━━━━━ Data below

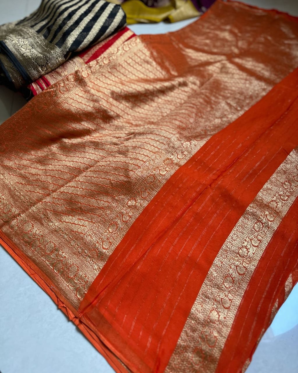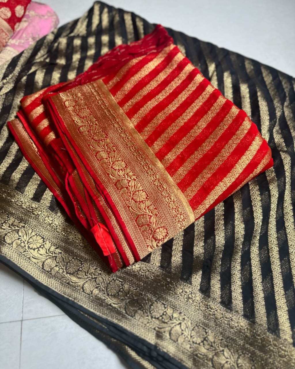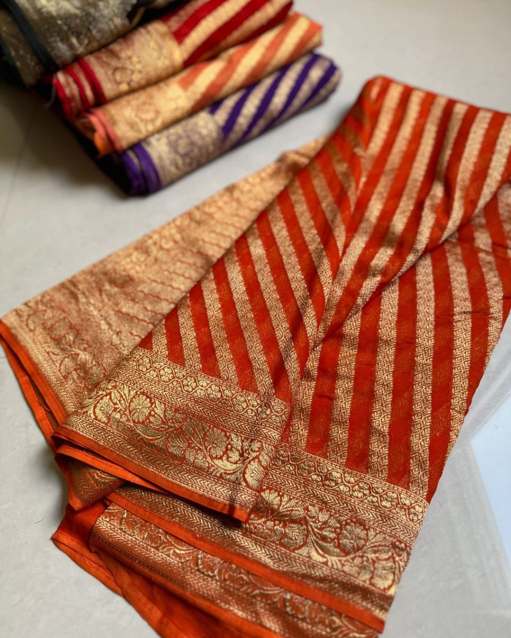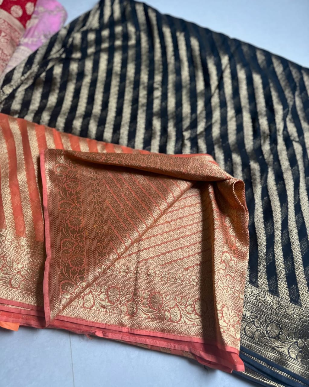 Elevate your ethnic wardrobe with this dyable Banarasi semi-georgette saree, crafted for elegance and versatility. The saree features a classic striped pattern that flows gracefully, creating a refined and timeless look.
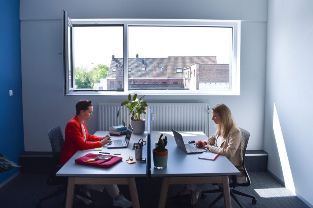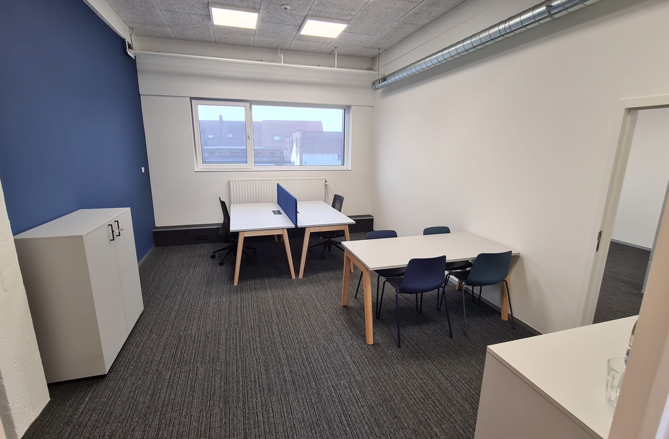 Welkom in de burelen van het Spiegelpark. Twee verdiepingen vol bedrijvigheid in 14 kantoren.
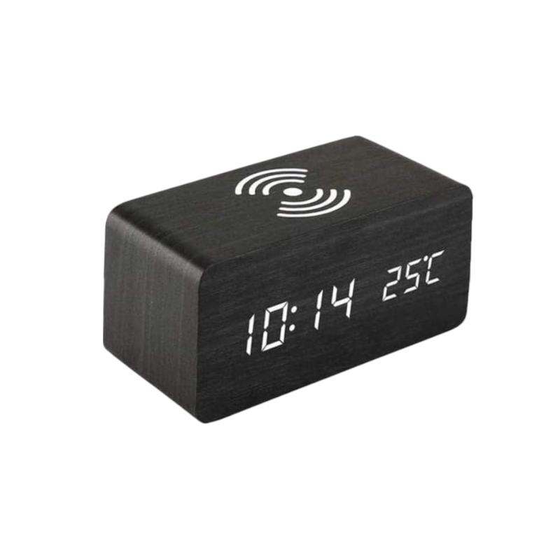 Ψηφιακό ρολόι–Ξυπνητήρι LED, με βάση ασύρματης φόρτισης smartphone, σε ιδιαίτερο σχεδιασμό με εφέ ξύλου.

━━━━━━━━━━

Everything in the listing except the pictures must come back exactly as written.

• Result
 Elevate your ethnic wardrobe with this dyable Banarasi semi-georgette saree, crafted for elegance and versatility. The saree features a classic striped pattern that flows gracefully, creating a refined and timeless look.
 Welkom in de burelen van het Spiegelpark. Twee verdiepingen vol bedrijvigheid in 14 kantoren.
 Ψηφιακό ρολόι–Ξυπνητήρι LED, με βάση ασύρματης φόρτισης smartphone, σε ιδιαίτερο σχεδιασμό με εφέ ξύλου.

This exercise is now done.